Tras la construcción del laberinto, Dédalo no soportaba más su exilio. Pidió a Minos poder volver a Atenas. O incluso morir, pero que permitiera ir a Ícaro, el hijo que había tenido con una esclava del rey: Náucrate. Sin embargo, Minos no atendió a su súplica y lo mantuvo en Creta.
El rey controlaba las rutas marítimas, así que le bloqueaba la salida también por esa vía. Al inventor sólo le quedaba el aire. Comenzó a recoger las plumas de las aves y con ellas fabricó unas alas.

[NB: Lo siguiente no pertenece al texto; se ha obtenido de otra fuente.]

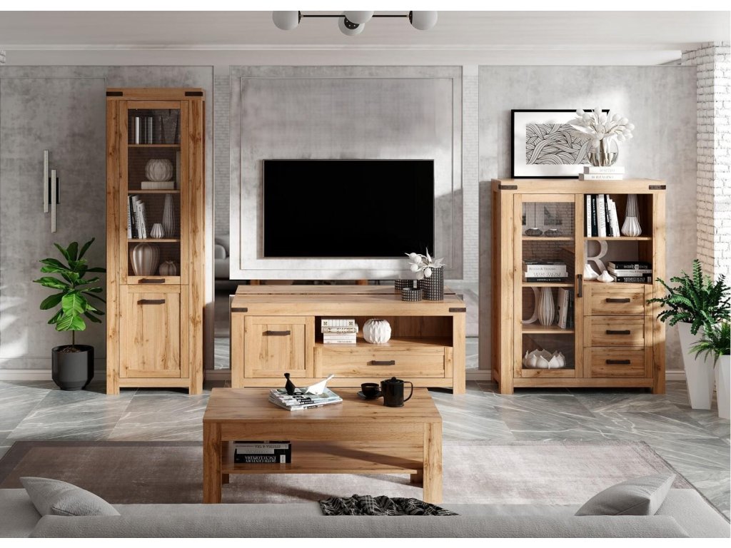 Obývací sestava MARIETTA v moderním designu je praktickým i designovým kouskem do vašeho obývacího pokoje. Nabízí bohatý úložný prostor v podobě dvou vitrín a TV stolku.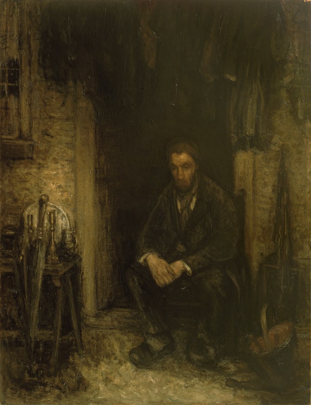 The Jewish Museum's "A Son of the Ancient Race" is one of the several reworkings depicting a secondhand clothes peddler in Amsterdam's Jewish quarter, based on an 1888 watercolor in the Rijksmuseum, Amsterdam which includes a young girl seated on the peddler's lap. For Israëls, children served as elements of hope within scenes of sorrow and poverty. Yet for the oil version the artist preferred to concentrate entirely on the figure of the weary man. Israëls has moved the now solitary figure close to the middle of the canvas according to the compositional conventions of the Hague School. "A Son of the Ancient Race" exemplifies Israëls's compassionate observations of contemplative generic types. Having already dealt with issues of sorrow, piety, old age, and the acceptance of fate in the lives of Dutch peasants, he now directed these themes toward a humble member of his own religion. Although the sitter is known as Jacob Städel, the anonymity typical of the artist's titles suggests that the peddler's condition can be applied not just to Jews or the Dutch, but to all people.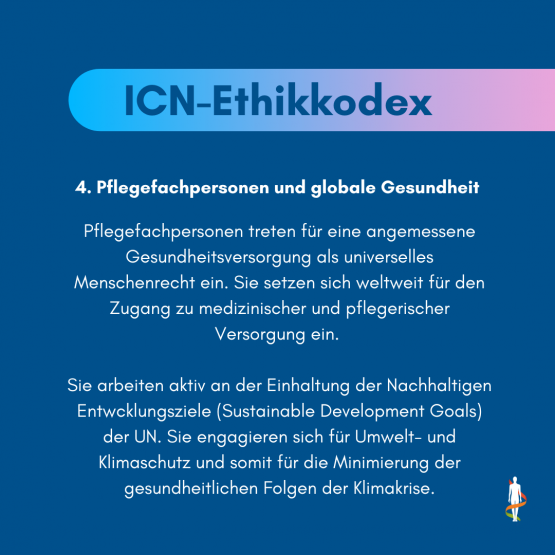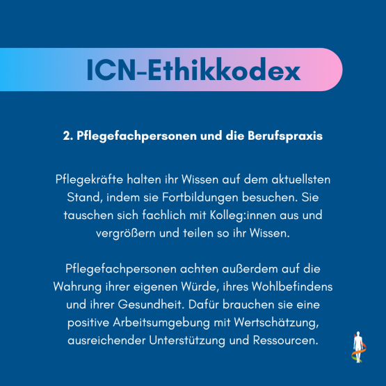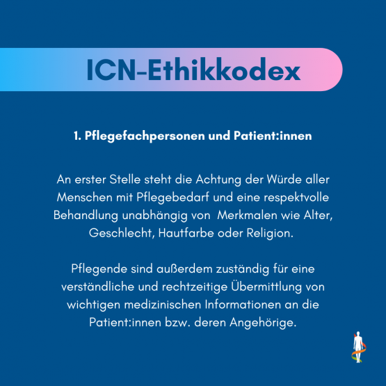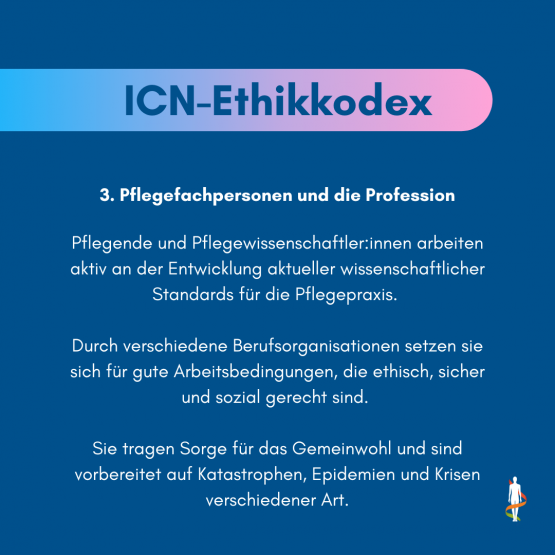 Ein Ethikkodex für die Pflege: Seit 1953 definiert der ICN - International Council of Nurses - Leitlinien für die Profession. Der Ethikkodex beruht auf der Feststellung, dass Pflege untrennbar mit Menschenrechten, globaler Gesundheit und sozialer Gerechtigkeit verbunden ist und gibt ethische Orientierung zu Fragestellungen der pflegerischen Praxis.

Las dispuso en hileras de las más grandes a las más pequeñas, las ató entre ellas con lino y las pegó con cera. Luego les dio la curvatura adecuada para imitar las de verdad.
Mientras tanto, Ícaro se dedicaba a lo que hacen los niños: incordiar al padre mientras trabaja. Intentaba coger las plumas al aire, le ablandaba la cera con el pulgar… Pero, al fin, Dédalo consiguió acabar el invento y lo probó consigo mismo. Suspendido en el aire, viendo que funcionaba, dio instrucciones a Ícaro.
Aconsejó a su hijo que no volara demasiado bajo, o el agua mojaría las alas y las haría pesadas. Tampoco demasiado alto, o el calor del sol las derretiría. En cuando a la dirección, no debía dirigirse ni hacia la Osa Mayor (el norte) ni hacia Orión (el sur), si no que debía ir detrás de él en todo momento y seguirlo. Dicho esto, colocó las alas a su hijo y ambos emprendieron el vuelo.
Dejaban ya atrás las islas Cícladas y asombraban a los pescadores con los que se cruzaban, que pensaban que eran dioses. Dédalo vigilaba en todo momento a su hijo con preocupación, pero éste poco a poco iba cogiendo soltura. Y entonces el niño se envalentonó y empezó a volar más alto a pesar de las advertencias de su padre. Pasó lo que era de esperar; el sol derritió la cera de sus alas y las plumas se despegaron.
Ícaro agitó los brazos, pero ya no tenía plumas en ellos. Cayó al vacío llamando a su padre, que nada pudo hacer por él. La zona del mar en la que cayó llevaría más tarde su nombre, Mar de Icaria; el que separa las Cícladas de la costa de Asia Menor. En la isla más cercana, que también tomó el nombre del desgraciado Ícaro, Dédalo enterró su cuerpo. Y, mientras lo hacía, escuchó el alegre canto de la perdiz.